-- BRIEF --
The response should contain only the line with "Según ha informado" and every line after it to the end of the listing below, duplicated exactly; no picture belongs in it.
[[ EXCERPTED RECORDS open ]]
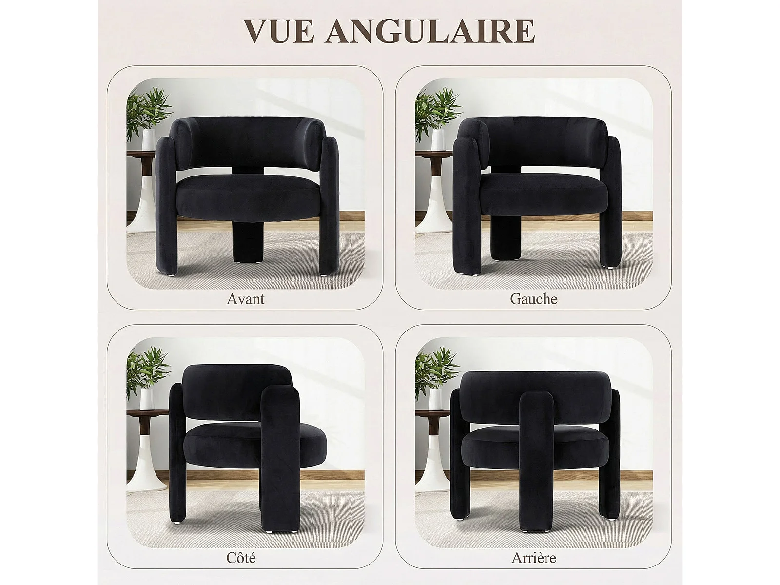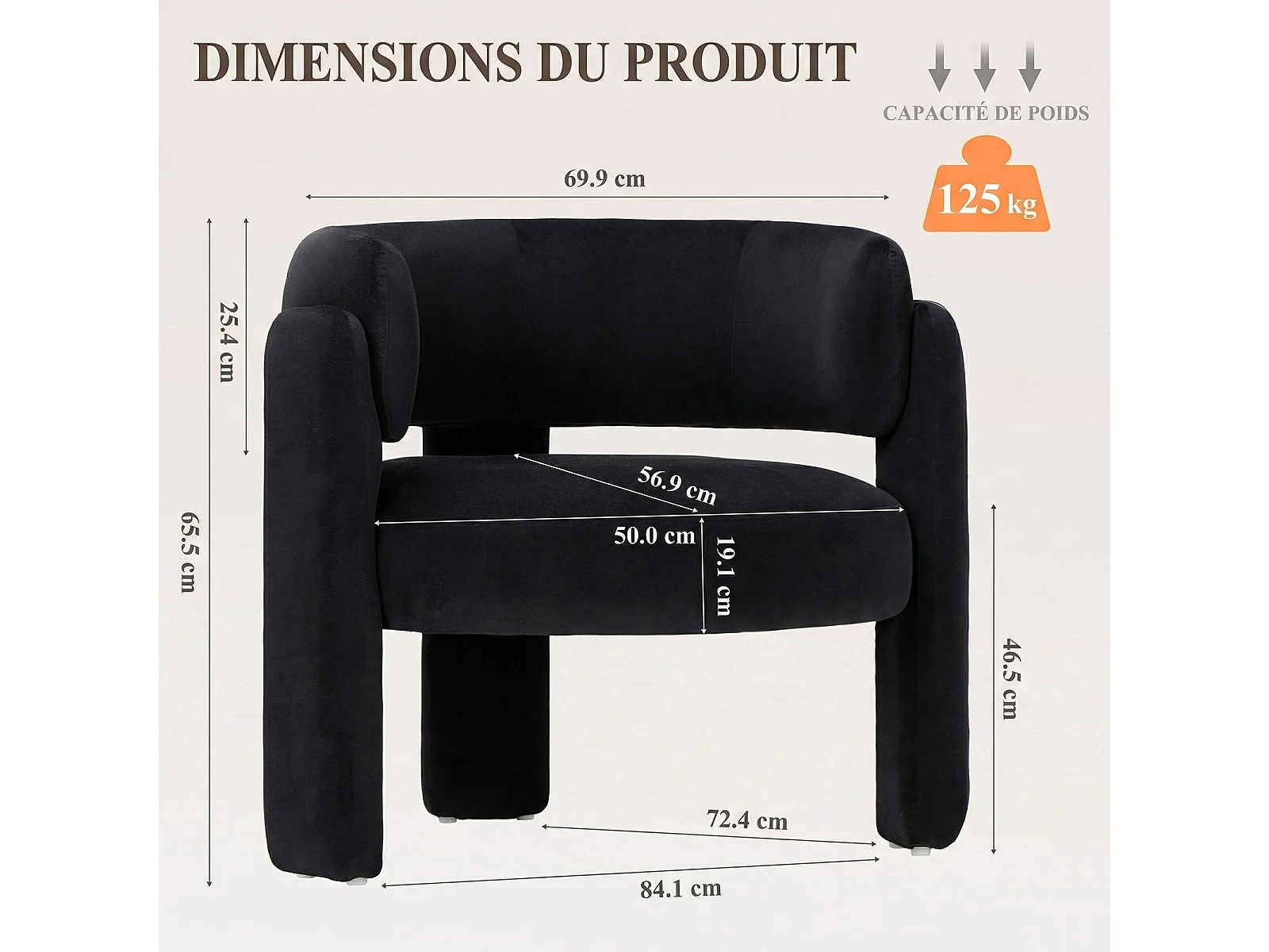 Fauteuil baril moderne en bois solide, mousse haute densité, tissu hypoallergénique – Noir
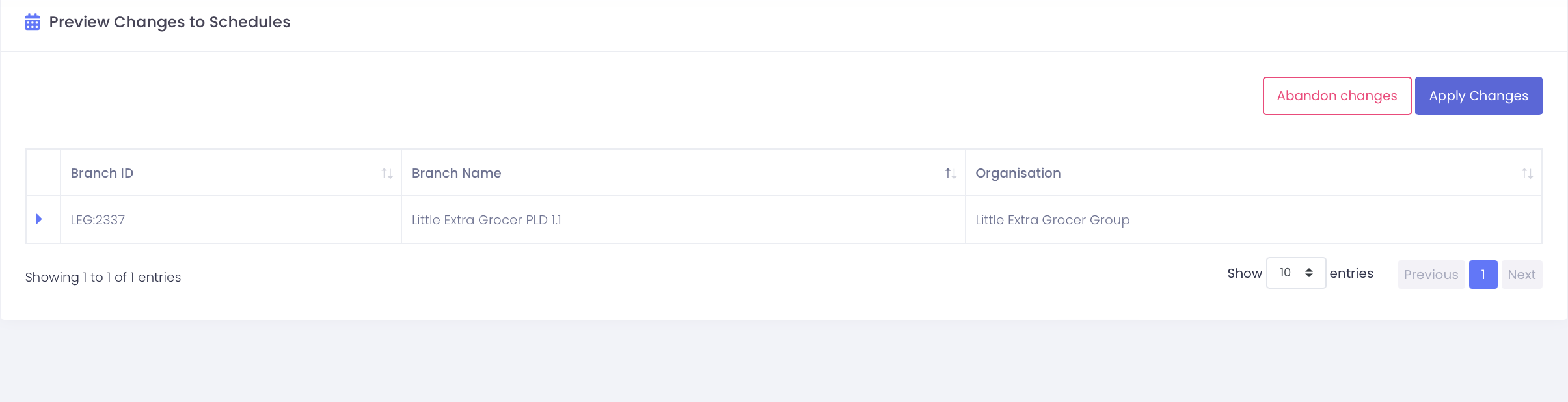 This screen shows all the branches you have selected and the date range you have chosen.
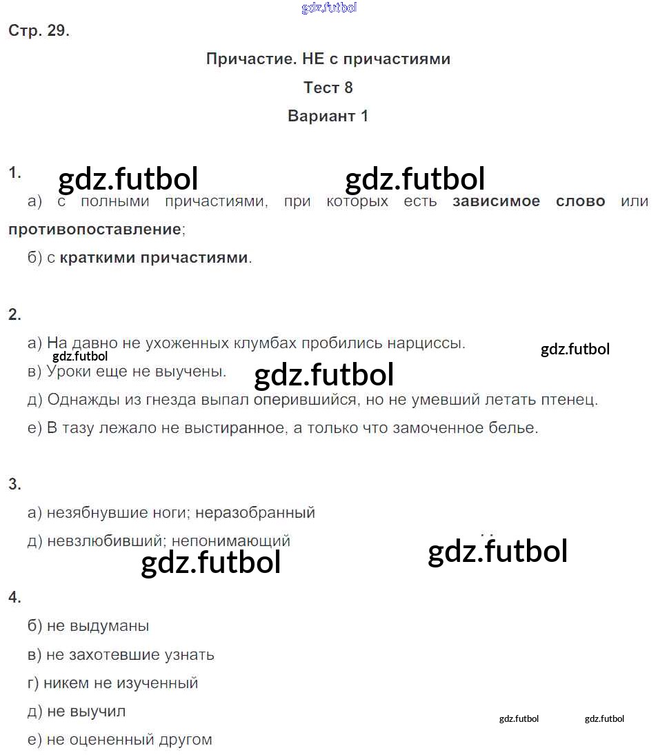 Готовые домашние задания по Русскому языку за 7 класс Книгина Тесты 2012 ФГОС - Часть 1. Страницы 29
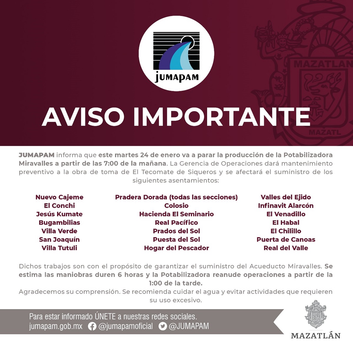Según ha informado la Junta Municipal de Agua Potable y Alcantarillado, las colonias afectadas son las de la zona norte de Mazatlán.
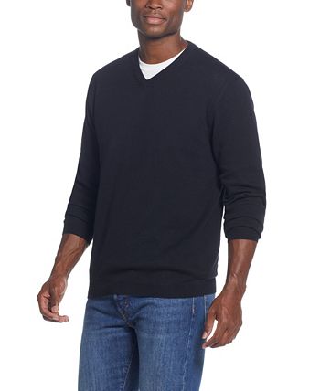Suéter masculino vintage de algodão e caxemira, gola V, preto, tamanho grande, à prova de intempéries
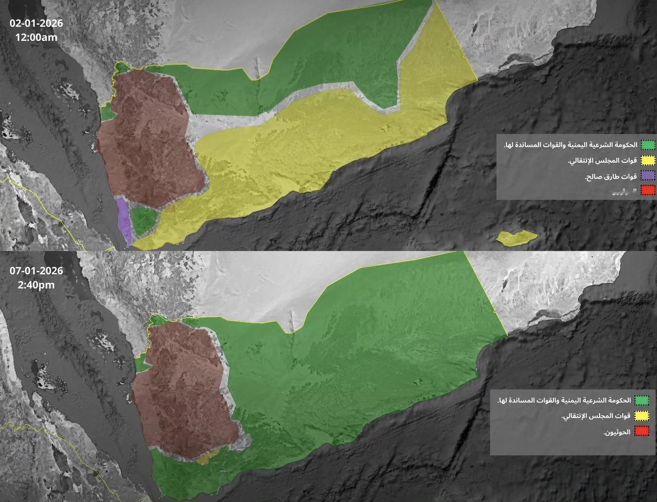 不到一周,阿联酋支持的也门南方过渡委员会(STC)就土崩瓦解(黄色区域),地盘完全被沙特支持的也门政府(绿色区域)控制,阿联酋也全面退出也门。原本的“三分也门”变成了“两强对峙”(褐色是胡塞武装控制区)。 也就是说,在沙特与阿联酋争夺也门控制力方面,阿联酋输的连底裤都没了,真的是“其兴也勃焉,其亡也忽焉”。中东这地方就是这么神奇! 胡塞武装的地盘没有变,战略方面看似被也门政府三面包围了。但实际上也门政府控制区域看着面积大,但是好地少、人口仅占也门的三分之一,而胡塞武装控制的地盘尽管只有也门总面积的近三分之一,但是区域内好地多,人口密度大,所以胡塞武装控制的人口占也门总人口的73%左右。 至于双方武装力量的战斗力方面,胡塞武装比也门政府军强太多了。 #也门冲突# #也门最新局势#
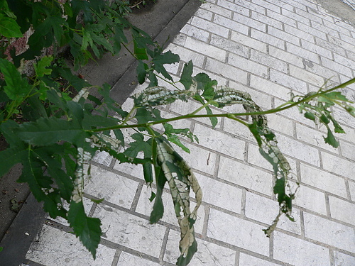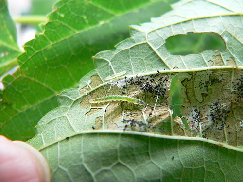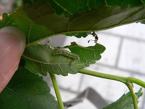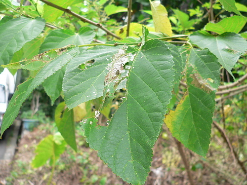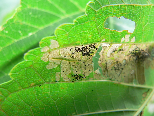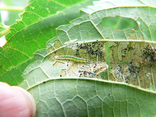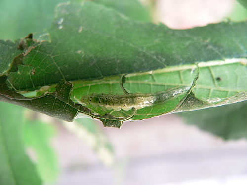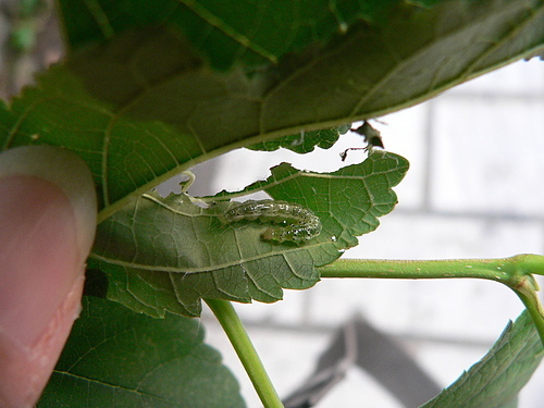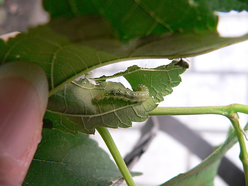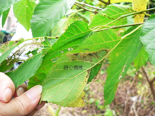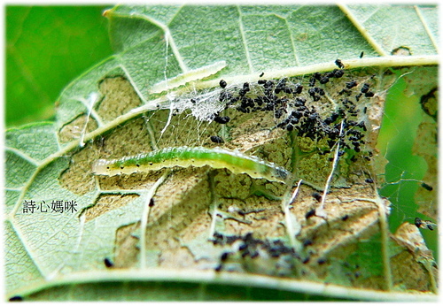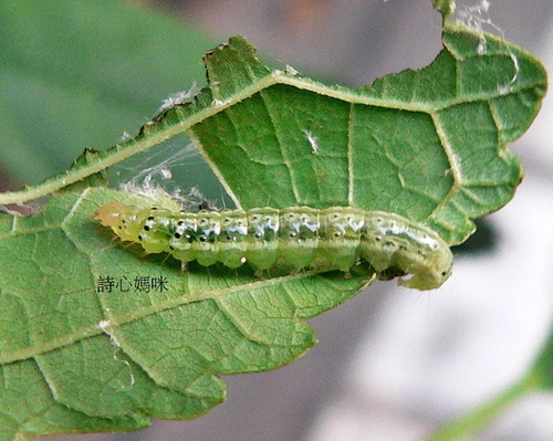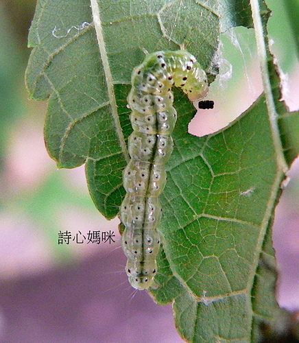 屋旁一枝椏上的桑葉幾乎被吃光,找到禍首是隻有多條白紋及許多小黑點的綠幼蟲。
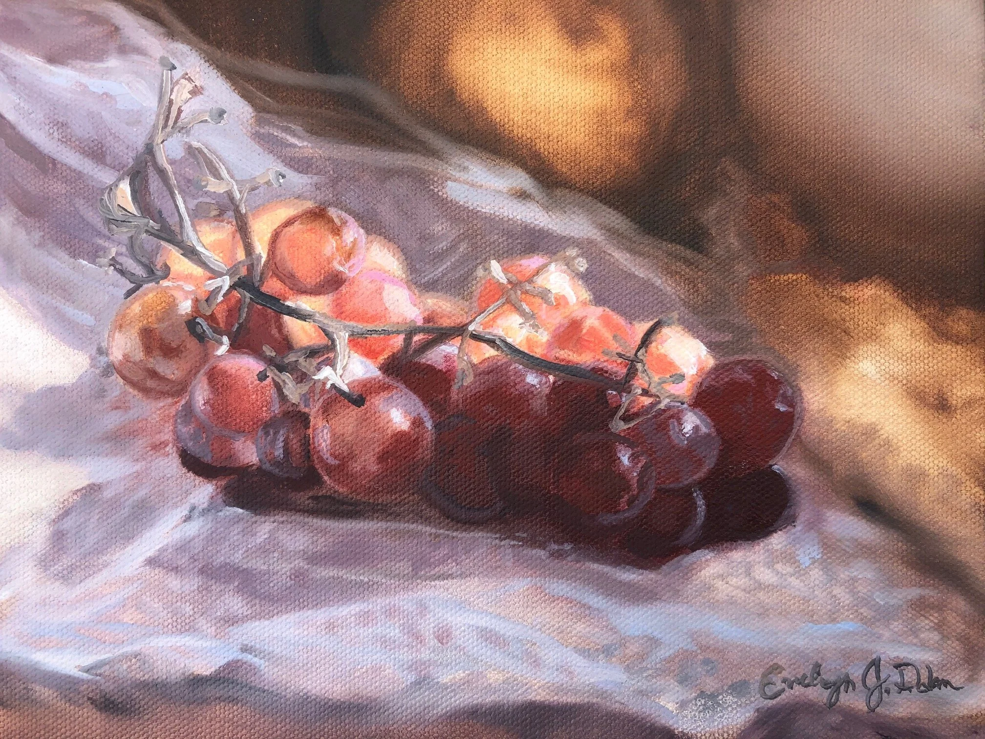 Grapes waiting for the picnic basket. Sunlight makes them a stained glass window.
[[ EXCERPTED RECORDS closed ]]
-- WRITTEN ANSWER --
Según ha informado la Junta Municipal de Agua Potable y Alcantarillado, las colonias afectadas son las de la zona norte de Mazatlán.
Suéter masculino vintage de algodão e caxemira, gola V, preto, tamanho grande, à prova de intempéries
 不到一周,阿联酋支持的也门南方过渡委员会(STC)就土崩瓦解(黄色区域),地盘完全被沙特支持的也门政府(绿色区域)控制,阿联酋也全面退出也门。原本的“三分也门”变成了“两强对峙”(褐色是胡塞武装控制区)。 也就是说,在沙特与阿联酋争夺也门控制力方面,阿联酋输的连底裤都没了,真的是“其兴也勃焉,其亡也忽焉”。中东这地方就是这么神奇! 胡塞武装的地盘没有变,战略方面看似被也门政府三面包围了。但实际上也门政府控制区域看着面积大,但是好地少、人口仅占也门的三分之一,而胡塞武装控制的地盘尽管只有也门总面积的近三分之一,但是区域内好地多,人口密度大,所以胡塞武装控制的人口占也门总人口的73%左右。 至于双方武装力量的战斗力方面,胡塞武装比也门政府军强太多了。 #也门冲突# #也门最新局势#
 屋旁一枝椏上的桑葉幾乎被吃光,找到禍首是隻有多條白紋及許多小黑點的綠幼蟲。
 Grapes waiting for the picnic basket. Sunlight makes them a stained glass window.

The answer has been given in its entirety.